Picture a modern brake on a bicycle that acts on the rim. The rim has a tiny surface area and the brake acts on even a smaller portion but because the force is applied far from the axle (the radius distance) it has braking leverage and all you need is a light squeeze of your hand to stop the bike. Conversely, those old bikes with hub brakes took all the force of our legs and weight and we still could barely stop the bike. The wheels had leverage on them even though their braking surface was far larger than the modern caliper brakes. Force at the rim has way more braking power than braking force at the hub.
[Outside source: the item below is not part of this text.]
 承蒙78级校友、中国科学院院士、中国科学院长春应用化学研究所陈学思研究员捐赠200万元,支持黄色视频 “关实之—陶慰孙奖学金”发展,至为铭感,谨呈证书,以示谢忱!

So, in a nutshell, it is not purely the surface area, it is the amount of force applied, where the force is applied (farther from the axle the better), what mechanical advantages your braking mechanism may use to multiply force plus other variables to do with the rotational speed of the object to be braked and the braking surface's coefficient of friction, how it performs when hot etc etc etc etc.

Hope this helps and I hope I've got it right. Just trying to share my understanding of our toys.
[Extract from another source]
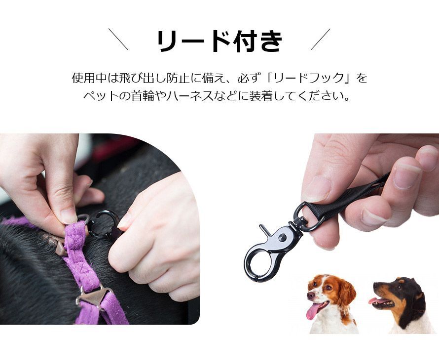 ◆ カート内部に飛び出し防止の「リードフック」2本があり、ペットの首輪やハーネスなどに装着してください。
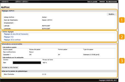 Vous pouvez afficher l'écran pour AirPrint, dans lequel vous avez accès non seulement aux réglages AirPrint, mais aussi aux informations sur les consommables tels que le papier et la cartouche de toner. En outre, vous pouvez configurer les paramètres de la fonction de sécurité.

ps I'm not sure what you mean by "camps" in this discussion (though you probably use the term very casually). There really is only one right answer to these questions about physics. I may be completely wrong in which case my opinion is of no merit whatsoever it's only *wrong*. Typically in scientific discourse there are "camps" about a legitimate point of dispute where knowledge is incomplete. Here, we may be struggling to understand the physics and explain our understanding to each other, but most of this was figured out 200+ years ago and is completely settled science.

I tend to think about Physics as vectors and levers (which covers most things mechanical) which is why I came up with the analogies I did.

best

[Ron Jones]

I completly understand, thanks. I just wan't sure if the difference effected disks as small as drag disks in a reel. I guess theoretically they do, but the effect can practically be called non existant.
Ron

[johndtuttle]

I completly understand, thanks. I just wan't sure if the difference effected disks as small as drag disks in a reel. I guess theoretically they do, but the effect can practically be called non existant.
Ron

I believe the reason an 80W has more drag than a 30W is due to the diameter of the disc. etc right on down the line not simply that the disc has more surface area.
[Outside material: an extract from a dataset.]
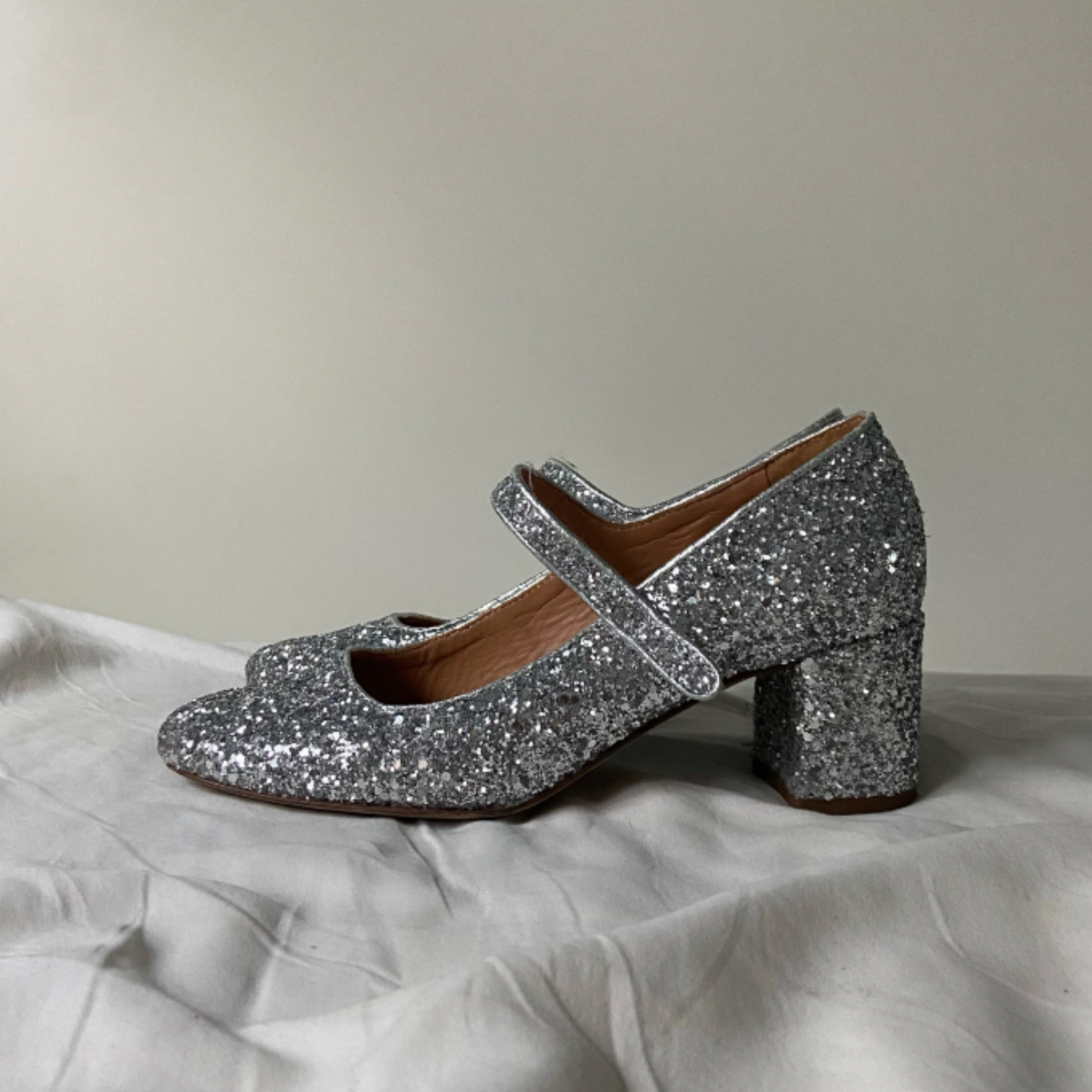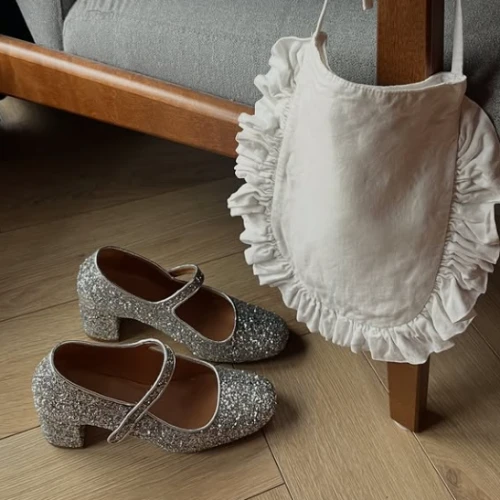 Dora czółenka na wysokim obcasie, srebrny brokat

Also note that as gears on star drags have become larger and larger Shimano has decreased their thickness to save weight. This makes for shorter drag stacks as well but the effective drag (listed) has gone up if I am not mistaken.


best

[wallacewt]

so,
(a)  if i replace a 1mm c/f disc and ss metal disc
(b)  with 2 x  .5 c/f and 2 ss disc all the same size
apply same amount of force to (a)   and (b)
do i get a smoother drag but no increase
lets make the c/f disc hex shape
thanks

[maxpowers]

No I think you double up the drag due to more contact surface, and they are operating on  parallel planes.